▶ [WORK INSTRUCTIONS]:
Find the line with "View DetailsUne soirée" in the entries below, then reproduce it and every line after it down to and including the line with "- The dissolution", exactly.

▶ [MATERIAL PROVIDED]:
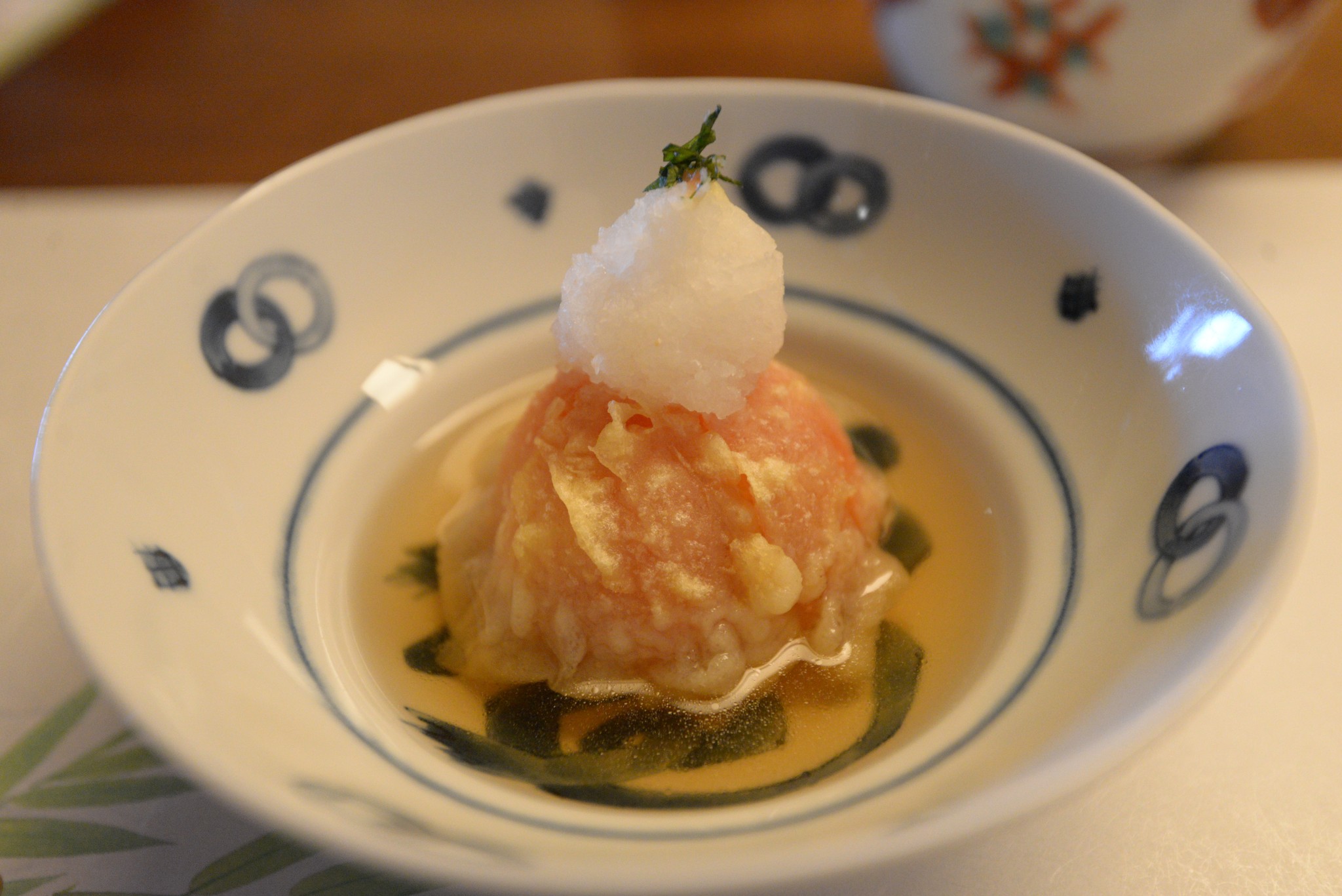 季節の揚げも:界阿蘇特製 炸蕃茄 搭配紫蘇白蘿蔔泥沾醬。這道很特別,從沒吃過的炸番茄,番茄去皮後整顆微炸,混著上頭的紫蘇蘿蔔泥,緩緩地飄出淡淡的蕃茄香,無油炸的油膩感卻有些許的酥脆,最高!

--

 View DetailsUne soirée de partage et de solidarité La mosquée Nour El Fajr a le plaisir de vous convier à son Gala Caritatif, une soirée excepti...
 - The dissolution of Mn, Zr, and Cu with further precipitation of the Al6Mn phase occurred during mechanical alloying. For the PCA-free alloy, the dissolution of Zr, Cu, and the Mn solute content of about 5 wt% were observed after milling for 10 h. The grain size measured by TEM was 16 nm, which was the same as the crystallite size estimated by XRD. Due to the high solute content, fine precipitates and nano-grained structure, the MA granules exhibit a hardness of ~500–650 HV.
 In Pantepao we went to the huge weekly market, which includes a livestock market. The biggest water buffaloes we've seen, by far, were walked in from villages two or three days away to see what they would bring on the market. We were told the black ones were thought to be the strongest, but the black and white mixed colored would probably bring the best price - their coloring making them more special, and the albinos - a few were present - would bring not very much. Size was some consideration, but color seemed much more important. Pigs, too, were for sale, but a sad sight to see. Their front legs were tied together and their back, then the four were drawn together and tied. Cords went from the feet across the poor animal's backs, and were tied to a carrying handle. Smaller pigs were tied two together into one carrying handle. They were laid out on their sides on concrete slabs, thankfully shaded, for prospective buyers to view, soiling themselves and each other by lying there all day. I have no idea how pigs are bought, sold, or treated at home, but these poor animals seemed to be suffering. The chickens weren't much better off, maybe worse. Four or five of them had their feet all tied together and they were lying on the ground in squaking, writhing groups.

--

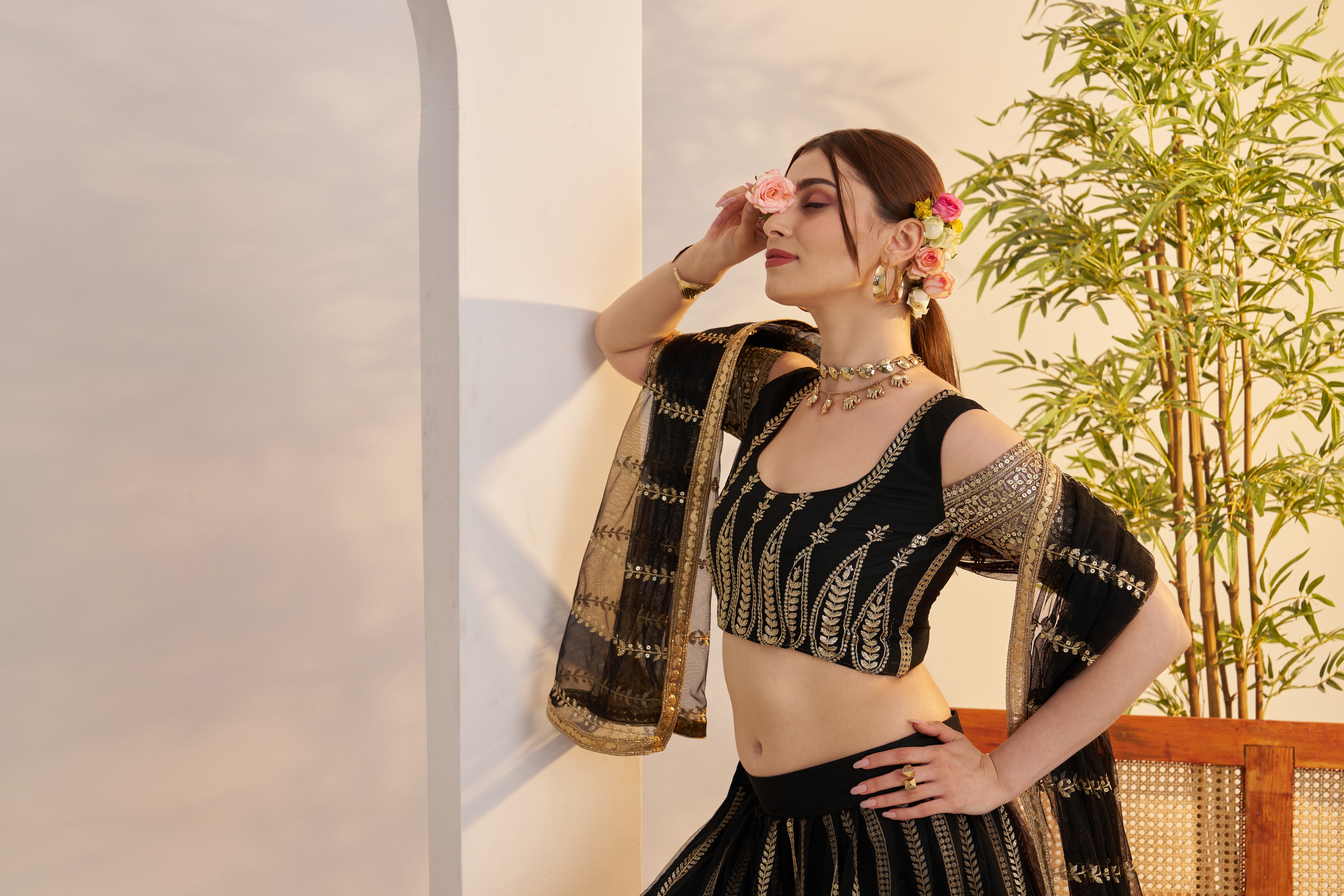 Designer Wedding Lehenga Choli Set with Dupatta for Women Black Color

▶ [ANSWER SECTION]:
 View DetailsUne soirée de partage et de solidarité La mosquée Nour El Fajr a le plaisir de vous convier à son Gala Caritatif, une soirée excepti...
 - The dissolution of Mn, Zr, and Cu with further precipitation of the Al6Mn phase occurred during mechanical alloying. For the PCA-free alloy, the dissolution of Zr, Cu, and the Mn solute content of about 5 wt% were observed after milling for 10 h. The grain size measured by TEM was 16 nm, which was the same as the crystallite size estimated by XRD. Due to the high solute content, fine precipitates and nano-grained structure, the MA granules exhibit a hardness of ~500–650 HV.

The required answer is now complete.